Very interesting paper on failures and recovery: WHY DO COMPUTERS STOP AND WHAT CAN BE DONE ABOUT IT?

Answer 4

One strategy is to use a section of RAM that is not initialised by during power-on/reboot. That can be used to store data that survives a reboot, and then when your app restarts, early on in the code it can check that memory and see if it contains any useful data. If it does, then write it to a log, or send it over a comms channel.

How to reserve a section of RAM that is non-initialised is platform-dependent, and depends if you're running a full-blown OS (Linux) that manages RAM initialisation or not. If you're on a small system where RAM initialisation is done by the C start-up code, then your compiler probably has a way to put data (a file-scope variable) in a different section (besides the usual e.g. .bss) which is not initialised by the C start-up code.

If the data is not initialised, then it will probably contain random data at power-up.
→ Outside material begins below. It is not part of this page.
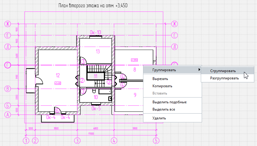 В Renga предусмотрено объединение выбранных объектов чертежа в группы и снятие объединения. Это можно сделать с помощью действий меню Группировать → Сгруппировать  и Разгруппировать . Действия доступны из контекстного меню, с панели Действия или с помощью комбинаций клавиш Ctrl+G/Ctrl+Shift+G.

To determine whether it contains random data or valid data, use a hash, e.g. CRC-32, to determine its validity. If your processor has a way to tell you if you're in a reboot vs a power-up reset, then you should also use that to decide that the data is invalid after a power-up.

Answer 5

The one thing you want to make sure you do is to not corrupt data that might legitimately be in flash, so if you try to write information in a crash situation you need to do so carefully and with the knowledge that the system might be an a very bad state so anything you do needs to be done in a way that doesn't make things worse.
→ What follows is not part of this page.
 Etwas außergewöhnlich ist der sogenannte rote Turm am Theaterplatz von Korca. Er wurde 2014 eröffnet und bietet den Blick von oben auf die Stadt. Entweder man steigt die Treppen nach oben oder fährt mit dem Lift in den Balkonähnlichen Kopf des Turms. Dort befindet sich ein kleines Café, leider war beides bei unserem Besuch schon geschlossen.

Generally, when I detect a crash state I try to spit information out a serial port. A UART driver that's accessible from a crashed state is usually pretty simple - it just needs to be a simple polling driver that writes characters to the transmit data register when the busy bit is clear - a crash handler generally doesn't need to play nice with multitasking, so polling is fine. And it generally doesn't need to worry about incoming data; or at least not needing to worry about incoming data in a fashion that can't be handled by polling. In fact, a crash handler generally cannot expect that multitasking and interrupt handling will be working since the system is screwed up.

I try to have it write the register file, a portion of the stack and any important OS data structures (the current task control block or something) that might be available and interesting. A watchdog timer usually is responsible for resetting the system in this state, so the crash handler might not have the opportunity to write everything, so dump the most important stuff first (do not have the crash handler kick the watchdog - you don't want to have some bug mistakenly prevent the watchdog from resetting the system).

Of course this is most useful in a development setup, since when the device is released it might not have anything attached to the serial port. If you want to be able to capture these kinds of crash dumps after release, then they need to get written somewhere appropriate (like maybe a reserved section of flash - just make sure it's not part of the normal data/file system area unless you're sure it can't corrupt that data). Of course you'd need to have something examine that area at boot so it can be detected and sent somewhere useful or there's no point, unless you might get units back post-mortem and can hook them up to a debugging setup that can look at the data.

Answer 6

Have you ever considered using a garbage collector ?

And I'm not joking.

If you do dynamic allocation at runtime in embedded systems, why not reserve a mark buffer and mark and sweep when the excrement hits the rotating air blower.

You've probably got the malloc (or whatever) implementation's source, right ?

If you don't have library sources for your embedded system forget I ever suggested it, but tell the rest of us what equipment it is in so we can avoid ever using it. Yikes (how do you debug without library sources?).

If you're system is already dead.... who cares how long it takes. It obviously isn't critical that it be running this instant; if it was you couldn't risk "dieing" like this anyway ?